In marked contrast to the Islamic Republic of Iran, the DPRK possesses multiple nuclear warheads, and claims to have tested missiles capable of raining down devastation on the United States of America.

None of these facts have dissuaded President Trump from praising Kin Jong Un or, indeed, referring to him as his friend.

This should not be construed as a condemnation of the US leader. In the memorable words of Winston Churchill: “Jaw, jaw is better than war, war.” If the meeting in Hanoi between Trump and Kim leads to an easing of military tensions on the Korean peninsula, then the world will be mightily relieved and both men will fully deserve the international praise which will undoubtedly be heaped upon them.

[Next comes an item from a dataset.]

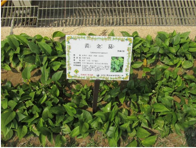
校園植物以在地原生種多樣植栽為主

The questions that arise from the Hanoi Summit are all about diplomatic and journalistic consistency. The United States and the Western news media both need to explain why the measured diplomacy and largely accurate reporting on display in Hanoi, has been so conspicuously absent with regard to Venezuela. The naked diplomatic aggression and outright lies which have characterised the West’s treatment of the Venezuelan Government could hardly be more different from its handling of the DPRK’s “Supreme Leader”.

The President of Venezuela, Nicolas Maduro and his fellow Chavistas have, since coming to power in 1998, submitted themselves to – and won – a plethora of democratic elections and constitutional referenda. These have all been confirmed as fair and free by no less an observer than the former US President, Jimmy Carter.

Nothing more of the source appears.